## The problem:
What you return should match the listing exactly, minus its images.

## Provided data:
○ ○ ○

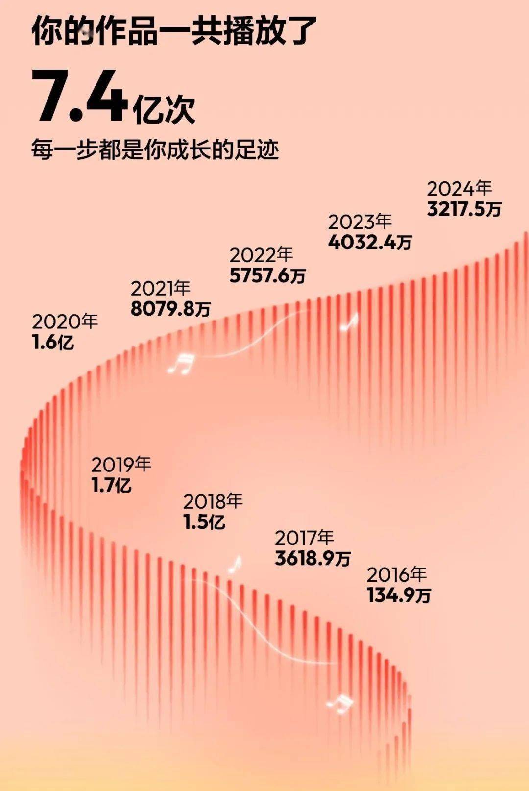 徐真真晒出了自己的音乐成长足迹!从2016年至今,已经播放了 7.4亿次!
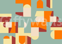 Abstract geometric wall mural with artistic shapes reflecting modern simplicity and comfort.
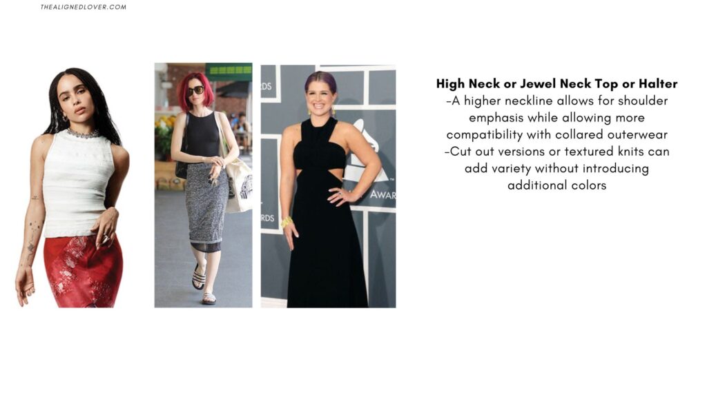 High-neck tops, jewel necks, and halters define sleek shoulder lines while being versatile enough to pair with collared outerwear. To keep your wardrobe cohesive without adding new colors, experiment with cutouts or textured knits. These details elevate simple designs, making them ideal for layering or standalone pieces.

○ ○ ○

## The answer:
 徐真真晒出了自己的音乐成长足迹!从2016年至今,已经播放了 7.4亿次!
 Abstract geometric wall mural with artistic shapes reflecting modern simplicity and comfort.
 High-neck tops, jewel necks, and halters define sleek shoulder lines while being versatile enough to pair with collared outerwear. To keep your wardrobe cohesive without adding new colors, experiment with cutouts or textured knits. These details elevate simple designs, making them ideal for layering or standalone pieces.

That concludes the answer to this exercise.